(Data entries)
════════

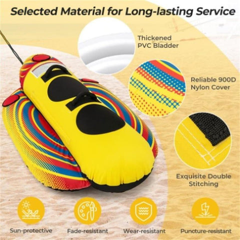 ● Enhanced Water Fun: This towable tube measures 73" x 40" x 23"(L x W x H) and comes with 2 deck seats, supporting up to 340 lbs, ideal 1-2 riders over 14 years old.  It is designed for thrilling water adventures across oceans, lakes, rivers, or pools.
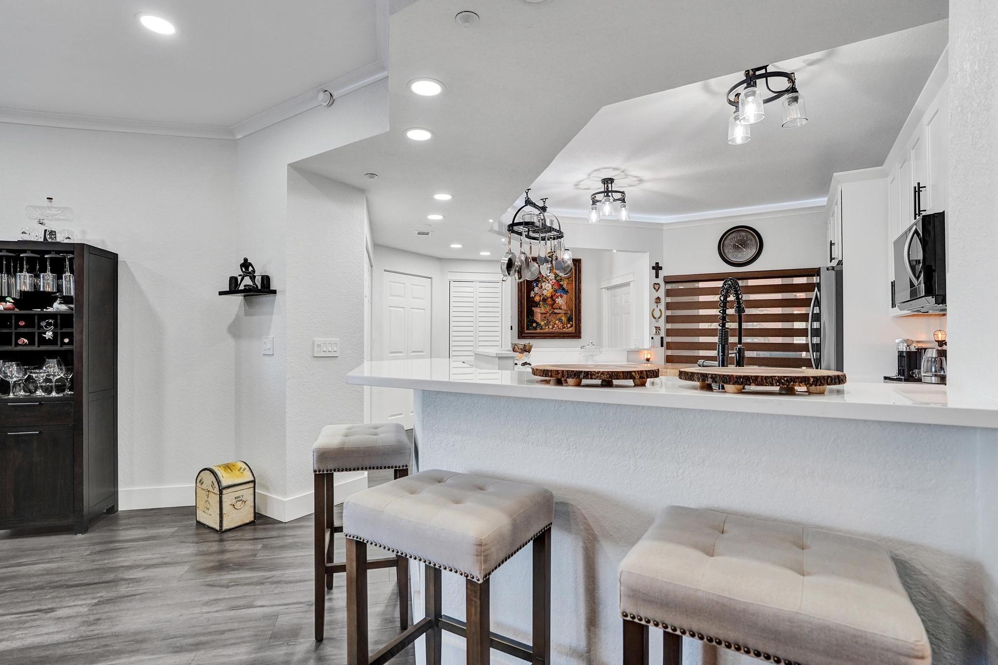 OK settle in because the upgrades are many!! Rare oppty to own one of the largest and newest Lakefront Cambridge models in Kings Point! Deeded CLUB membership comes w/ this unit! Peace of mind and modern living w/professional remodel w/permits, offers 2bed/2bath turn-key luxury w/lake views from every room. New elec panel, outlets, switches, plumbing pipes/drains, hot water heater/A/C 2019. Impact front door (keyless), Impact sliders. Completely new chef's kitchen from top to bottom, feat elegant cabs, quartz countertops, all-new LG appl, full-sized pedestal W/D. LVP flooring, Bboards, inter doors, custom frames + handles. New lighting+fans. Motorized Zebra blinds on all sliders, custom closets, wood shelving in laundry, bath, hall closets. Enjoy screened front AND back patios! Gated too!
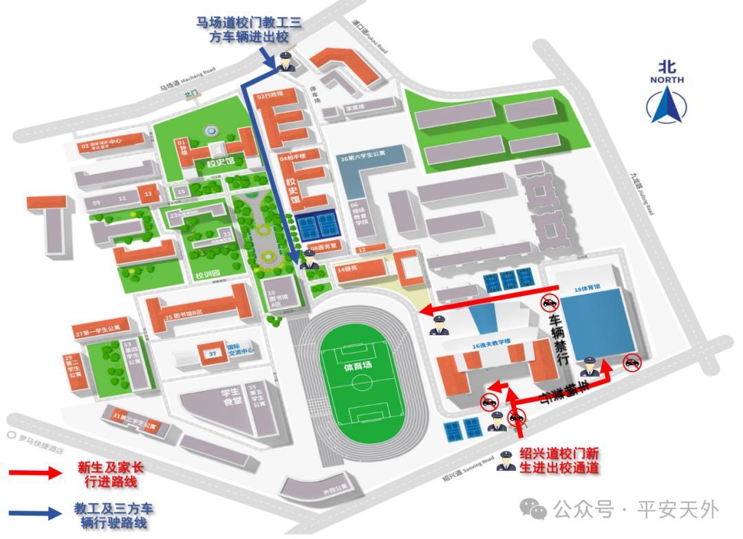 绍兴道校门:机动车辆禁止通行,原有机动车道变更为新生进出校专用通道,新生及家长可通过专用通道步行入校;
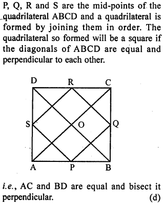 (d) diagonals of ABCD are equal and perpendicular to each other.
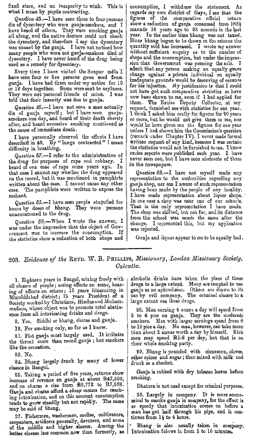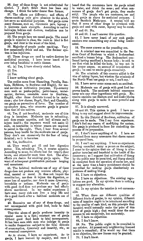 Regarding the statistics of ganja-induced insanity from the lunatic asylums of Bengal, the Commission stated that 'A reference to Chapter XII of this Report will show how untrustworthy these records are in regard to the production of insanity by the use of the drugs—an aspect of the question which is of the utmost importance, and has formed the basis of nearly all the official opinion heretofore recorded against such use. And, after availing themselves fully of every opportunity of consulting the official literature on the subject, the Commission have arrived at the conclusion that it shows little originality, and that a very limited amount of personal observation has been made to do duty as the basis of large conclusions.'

════════

• YOUR GOAL: Exactly the lines above, from the one containing "绍兴道校门:机动车辆禁止通行" down to the one containing "(d) diagonals of", are to be repeated, including both ends. Pictures are not part of the copy.

• TASK OUTPUT:
 绍兴道校门:机动车辆禁止通行,原有机动车道变更为新生进出校专用通道,新生及家长可通过专用通道步行入校;
 (d) diagonals of ABCD are equal and perpendicular to each other.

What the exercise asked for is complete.